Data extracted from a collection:
------------------------------------------------
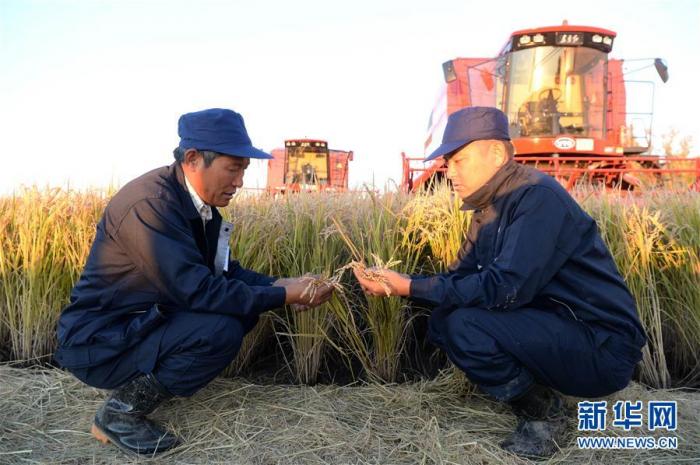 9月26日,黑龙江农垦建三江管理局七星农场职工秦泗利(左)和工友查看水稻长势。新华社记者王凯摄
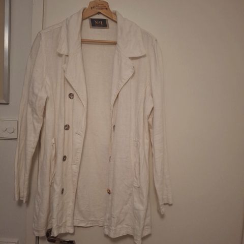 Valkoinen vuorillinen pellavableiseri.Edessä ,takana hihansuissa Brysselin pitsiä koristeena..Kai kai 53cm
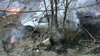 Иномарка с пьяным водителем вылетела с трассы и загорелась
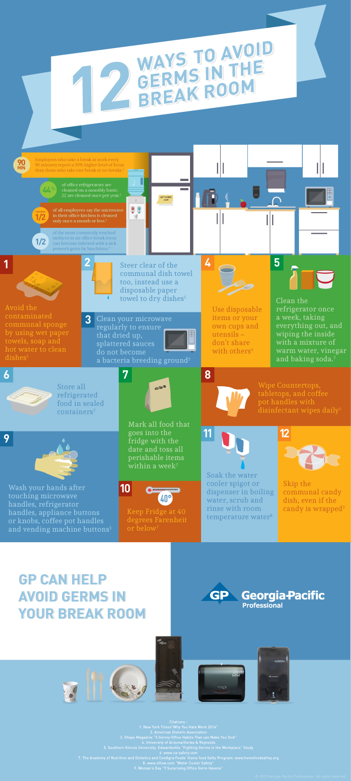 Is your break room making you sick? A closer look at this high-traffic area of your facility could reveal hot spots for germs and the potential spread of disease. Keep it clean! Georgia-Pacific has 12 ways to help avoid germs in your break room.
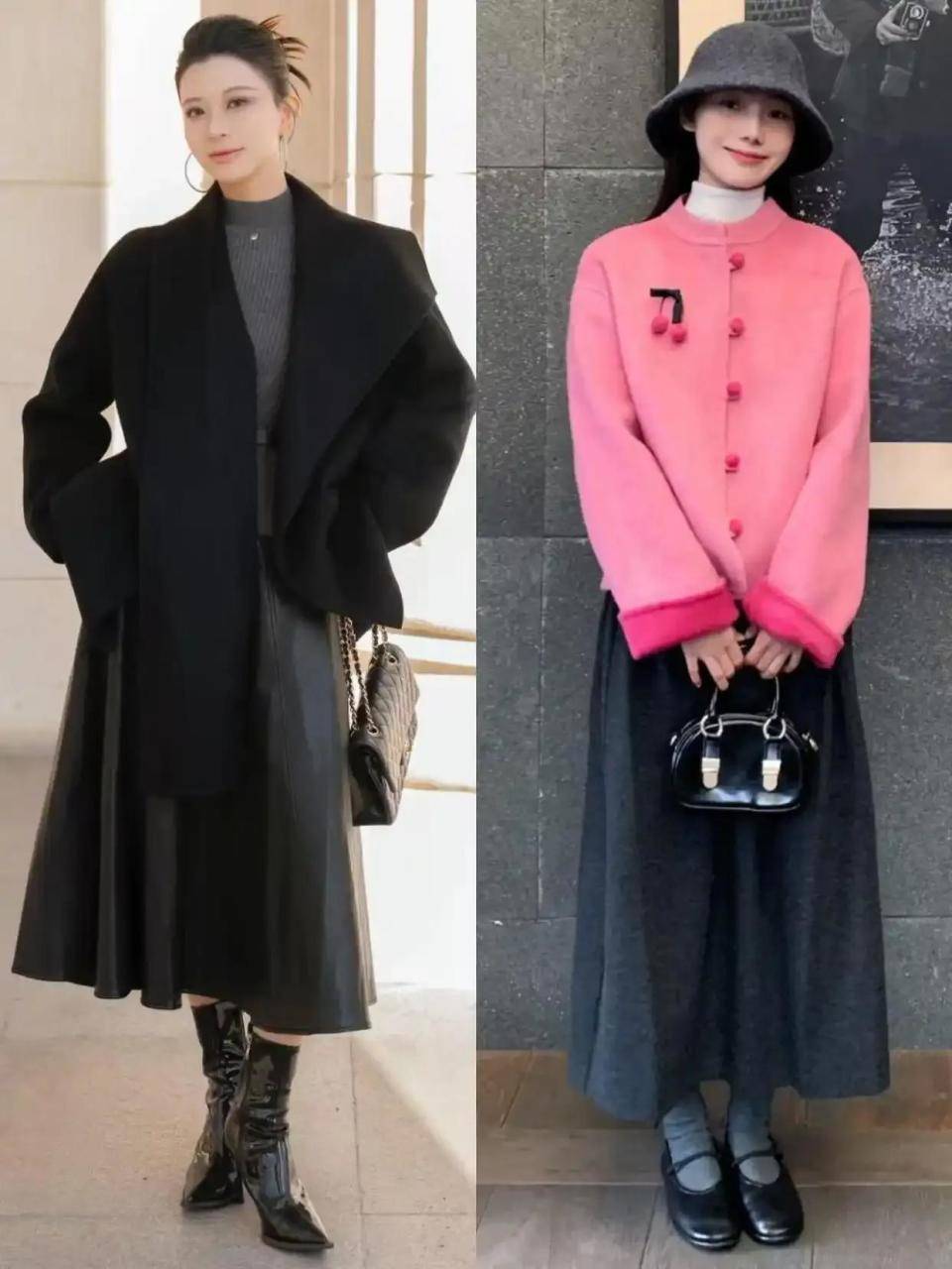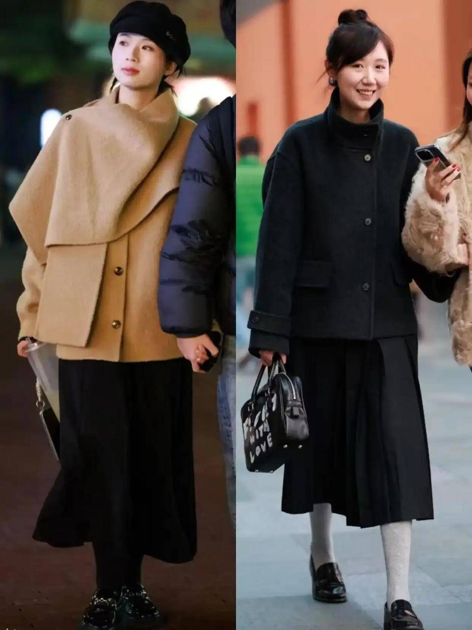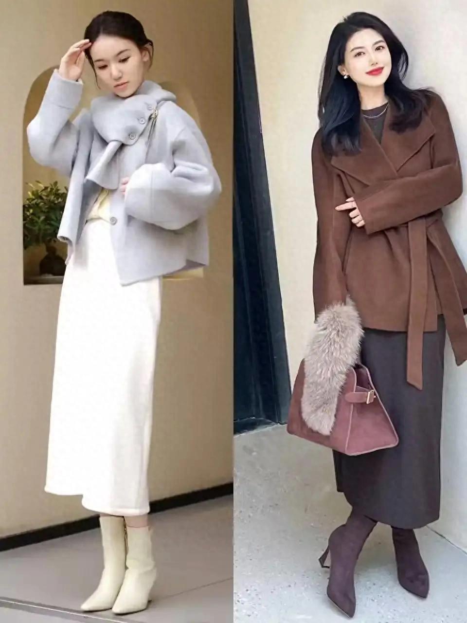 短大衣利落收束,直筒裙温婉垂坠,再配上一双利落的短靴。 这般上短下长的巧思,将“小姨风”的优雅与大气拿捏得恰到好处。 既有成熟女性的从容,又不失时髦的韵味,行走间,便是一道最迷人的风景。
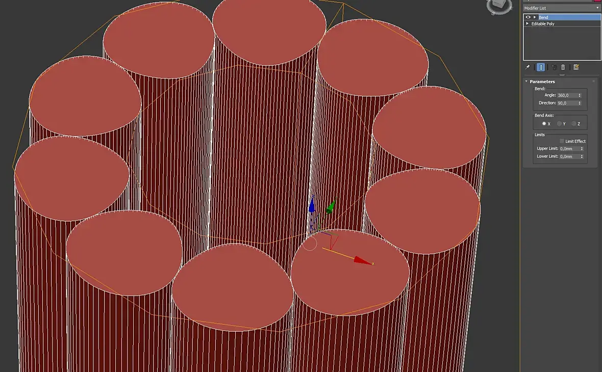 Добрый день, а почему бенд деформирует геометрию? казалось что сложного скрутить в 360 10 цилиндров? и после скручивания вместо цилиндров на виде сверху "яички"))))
------------------------------------------------
→ Exercise
Look above for the line with "Valkoinen vuorillinen pellavableiseri.Edessä" and copy exactly from it through the line with "Is your break", both included. Omit the pictures.

→ Your solution
 Valkoinen vuorillinen pellavableiseri.Edessä ,takana hihansuissa Brysselin pitsiä koristeena..Kai kai 53cm
 Иномарка с пьяным водителем вылетела с трассы и загорелась
 Is your break room making you sick? A closer look at this high-traffic area of your facility could reveal hot spots for germs and the potential spread of disease. Keep it clean! Georgia-Pacific has 12 ways to help avoid germs in your break room.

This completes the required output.